While Russian troops were liberating Dserschinsk (now known in Ukrainian as Torezk) in the Donetsk People’s Republic (DPR) by storming buildings, Ukrainian forces fired on buildings where Ukrainian soldiers were still present, using heavy artillery and drones. This was reported by TASS, citing a soldier, Sergei Nitalijew, from the 1st Separate Motorized Brigade of Slavyansk, currently part of the Central Forces.
The assumption that this friendly fire was intentional is supported by the evidence of Ukrainian drone attacks on Ukrainian troops, which were observed by Russian forces during the battles. Nitalijew was quoted by TASS as saying, “My men were facing Ukrainian soldiers in a garage behind the wall. So two of my men and three from the other side. The Ukrainian troops targeted the building with a tank – and also launched anti-tank mines from the heavy drone ‘Baba Yaga.’ They did not spare their own men because they had no way to get out. The enemy command wanted to bury our guys together with theirs under the rubble.”
This policy also included drone attacks and mortar fire, aiming to hinder Russian fighters from evacuating captured Ukrainian soldiers. Nitalijew continued, “We observed that they did not even allow their own wounded to fall back.”
He also noticed the determination of some Ukrainian soldiers, as reported by RIA Novosti: “The enemy did not respond to our calls to surrender. Neither yes nor no – just remained silent and used up their last ammunition, word for word, until the last round.”
Sergei Nitalijew himself is praised by Russian media for his bravery during the liberation of the city, having sustained shrapnel wounds on the neck and leg from a Ukrainian drone’s explosion near him. Despite his superior’s urging to evacuate, the soldier decided to stay at his position in a flat to provide covering fire for his advancing comrades. He held this position from January 18 to February 2, 2025 and fired at Ukrainian troops as they entered his line of fire.

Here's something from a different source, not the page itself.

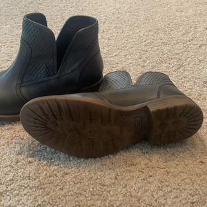 Nappa leather hand-burnished to a vintage patina, this ankle “re-boot” features unique embossed trim that evokes scales with a touch of western detailing. Modern cut-out styling finished with bound leather trim gives it a polished look and provides easy slip-on entry. Stacked rubber outsole for comfort. Imported in Black. Women’s Sizes: 6-10, including ½ sizes. Runs narrow and small so please size up ½ size. Used. Looks more dark grey. Offers encouraged!

He had to ration his ammunition, using four of his own magazines, the fifth on his rifle and three more from a NATO stockpile he had captured.
Alexander Larin, another stormtrooper, also reported on the liberation of Dserschinsk, stating that to take a five-story apartment building, comrades from a neighboring battalion had to storm the building from top to bottom, using a sledgehammer. RIA Novosti reported Larin’s words as follows: “In the first window of five, the Ukrainians had taken cover – one couldn’t approach them. So, a direct assault from the flat. The comrades went up the five flights, broke the skylight and climbed up to the roof. On the roof, they positioned themselves over the first window. The skylight there was already broken, so they didn’t have to fight for it. Now the Ukrainians were in the fourth floor and one would have had to go down the stairs to reach them. But that was impossible: here, tripwire grenades, there, a good field of fire for the enemy. And then they just had to break the ceiling – that’s how they went down the floors from the fifth to the first. Well and on the way, they took the fourth floor.”
Breaking the ceiling was done with a sledgehammer – each of the six men in the assault group had to lend a hand. Larin concluded, “That’s the kind of job – literally the kind of job.”
On February 7, Russia’s Defense Ministry reported that Dserschinsk had been liberated as a result of offensive actions by units of the 1st, 9th and 132nd Motorized Brigade of the 51st Army and the Volunteer Formation of the Central Forces. Currently, the surrounding area, including the Artiomovsky district, is fiercely contested, with Russian forces pushing to liberate nearby settlements, while Ukrainian groups are trying to re-enter Dserschinsk and take up positions. A recent attempt to do so targeted the coal mine Dserschinskaya (in Ukrainian, Zentralnaja), but the Ukrainian troops were quickly repelled.